A by-product of feminism becoming a fad, and a buzzword, is that it is now altogether too easy to proclaim oneself to be a feminist. All you need is a T-shirt. This shoulder-shrugging, casual proclamation of feminism has been called D-uh Feminism in this piece and the term fits the bill perfectly. Feminism is about more than a casual statement about equality. It is more than a passing statement like: I believe everyone is entitled to equality, so I think I am a feminist. Feminism takes a lot of doing.

It requires a constant evaluation of personal reactions to manifestations and representations of homonormativity and patriarchy (and god knows they are everywhere). It requires a serious commitment towards understanding how rules of gender and sexuality play out in practice. It asks for a constant reevaluation of beliefs that have been institutionalized for years. It demands that the right questions be asked and that the answers remain open.

It is not something that can simply picked up as a hat to try on. It is a lens that is developed by experience and introspection. We all find our brand of feminism in different ways and it stays with us. The process that allows to us to find our feminist feet is integral to the beauty of ideology.

I learned my feminism from my grandmother, who taught me that a classically ‘feminine’ activity like knitting can be phenomenally feminist. But I also learned it from her the lines around her mouth when she was told it must remain a hobby. I learned it from my mother who taught me never to apologize if I decide I do want it all- a career and a family. But I also learned it from her eyes, clouded at the end of the day with the pursuit of keeping it all. I learned it from my sister who taught me that a gorgeous body can come in all shapes and sizes. But I also learned it from her clenched fists when she was told she was too fat. From an aunt who taught me that being alone can be beautiful and from my male friends who taught me that a person’s gender has little to do with their feminism.

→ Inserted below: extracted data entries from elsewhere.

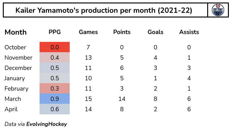 However, there was a drastic shift in his production in later months. In March, Yamamoto recorded eight goals and fourteen points in fifteen games. He continued a decently strong rate of production into April, with six points in eight games. A significant reason for his uptick in production was the hiring of Jay Woodcroft, and the results of a hot offensive stretch from the line of Kane – McDavid – Yamamoto.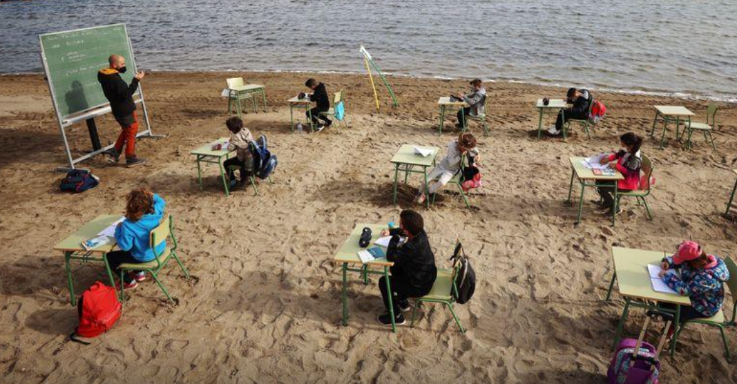 Shkolla online? Jo! Në Spanjë mësimi bëhet në plazh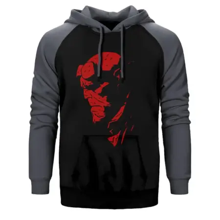 • HellBoy Face Hoodie, Double Color Raglan Sleeve Gray Sweatshirt
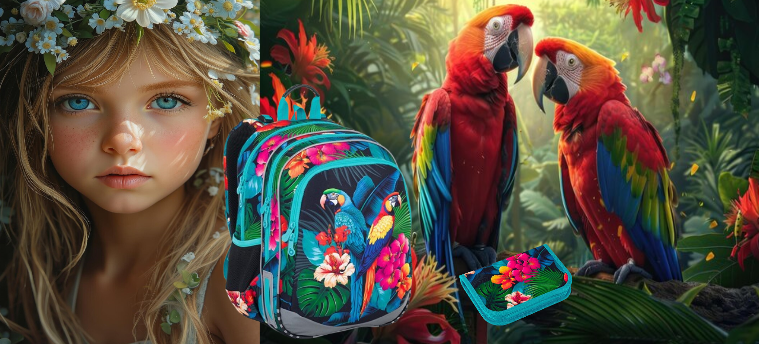 Zamilujte si set, v ktorom sa školská povinnosť mení na potešenie, kde sa batoh stáva pestrofarebným krídlom a peračník nežným kvetom. Nech každé ráno začína spevom papagájov a vôňou tropických kvetov – nech sa učenie stane objavovaním. 🦜📚🌺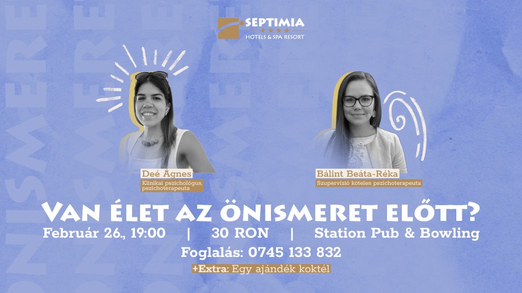 Van élet az önismeret előtt? címmel szerveznek beszélgetést csütörtökön 19 órától Székelyudvarhelyen, a Septimia Station Pub & Bowlingban. Az esemény az önismeret világába kalauzolja az érdeklődőket, Deé Ágnes klinikai pszichológus, pszichoterapeuta és Bálint Beáta-Réka szupervízió-köteles pszichoterapeuta osztják meg gondolataikat arról, hogyan működünk a mindennapokban, és mi változhat, ha jobban megértjük önmagunkat. A belépő ára 30 lej, a helyek száma korlátozott, asztalfoglalás szükséges a 0745–133832-es telefonszámon.

The stories that teach us our brand of feminism are as instructive as the idea itself. They are beautiful, diverse and poignant narratives of self-examination. And when buzzword feminism allows you to say, ‘d-uh, I am a feminist’, it is being reductive of the sensitive and liberating journey of a feminist’s self-discovery.

In India, feminism stands at a very strange cusp. It is finding its feet. While the western world is negotiating with ideas like ‘neo-feminism and ‘post-feminism’, we are beginning to recognize that women can head households, and that they have a right to terminate a marriage if they are being made to feel inferior. We are just catching up to the fact that sexual abuse is not funny (consider the praise the film Fan has earned for that one dialogue). We have just understood that it is alright to fight traditions if they restrict our freedoms. We are waking up to the tremendous subversive potential of feminism. To be told at this stage that feminism is popular, after all, is like being told that our work is done. And I cannot think of anything more dangerous than that.

The way buzzword feminism has been received in the in other parts of the world ought to teach us some things. It’s a good idea let it teach us that we need to stop judging each others’ idea of feminism. But is also a good idea to let it teach us that feminism is fabulously complicated, gloriously empowering and rigorously inventive. It is too large to be a buzzword. And too rebellious to be a fad.